Chi-square Statistic: 0.8780
P-value: 0.6447
Degrees of Freedom: 2
Expected Frequencies Table:
[[96.824 85.176]
 [89.908 79.092]
 [79.268 69.732]]
Fail to reject the null hypothesis: There is no significant association between age groups and voter preferences.


In [34]:
#22
import numpy as np
from scipy import stats

# Sample data: Product satisfaction levels (rows) vs.

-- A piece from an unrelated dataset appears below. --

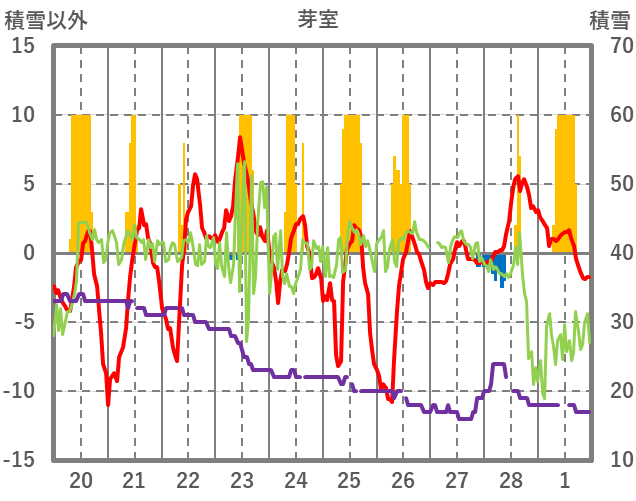 | 日 | 時 | 気温 | 降水 | 風向/風速 | 日照 | 積雪 | 降雪 |

Customer regions (columns)
data = np.array([[50, 30, 40, 20], [30, 40, 30, 50], [20, 30, 40, 30]])

# Perform Chi-Square test
chi2_stat, p_value, dof, expected = stats.chi2_contingency(data)

# Output the results
print(f"Chi-square Statistic: {chi2_stat:.4f}")
print(f"P-value: {p_value:.4f}")
print(f"Degrees of Freedom: {dof}")
print("Expected Frequencies Table:")
print(expected)

# Interpretation
alpha = 0.05
if p_value < alpha:
    print("Reject the null hypothesis: There is a significant relationship between product satisfaction levels and customer regions.")
else:
    print("Fail to reject the null hypothesis: There is no significant relationship between product satisfaction levels and customer regions.")

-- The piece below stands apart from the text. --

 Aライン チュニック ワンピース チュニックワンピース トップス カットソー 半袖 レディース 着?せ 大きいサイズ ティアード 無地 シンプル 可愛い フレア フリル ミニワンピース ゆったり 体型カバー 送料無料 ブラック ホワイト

Chi-square Statistic: 27.7771
P-value: 0.0001
Degrees of Freedom: 6
Expected Frequencies Table:
[[34.14634146 34.14634146 37.56097561 34.14634146]
 [36.58536585 36.58536585 40.24390244 36.58536585]
 [29.26829268 29.26829268 32.19512195 29.26829268]]
Reject the null hypothesis: There is a significant relationship between product satisfaction levels and customer regions.


In [35]:
#23
import numpy as np
from scipy import stats

# Sample data: Job performance levels before (rows) and after (columns) training
data = np.array([[50, 30, 20], [30, 40, 30], [20, 30, 40]])

# Perform Chi-Square test
chi2_stat, p_value, dof, expected = stats.chi2_contingency(data)

# Output the results
print(f"Chi-square Statistic: {chi2_stat:.4f}")
print(f"P-value: {p_value:.4f}")
print(f"Degrees of Freedom: {dof}")
print("Expected Frequencies Table:")
print(expected)

# Interpretation
alpha = 0.05
if p_value < alpha:
    print("Reject the null hypothesis: There is a significant difference in job performance levels before and after the training.")
else:
    print("Fail to reject the null hypothesis: There is no significant difference in job performance levels before and after the training.")


Chi-square Statistic: 22.1617
P-value: 0.0002
Degrees of Freedom: 4
Expected Frequencies Table:
[[34.48275862 34.48275862 31.03448276]
 [34.48275862 34.48275862 31.03448276]
 [31.03448276 31.03448276 27.93103448]]
Reject the null hypothesis: There is a significant difference in job performance levels before and after the training.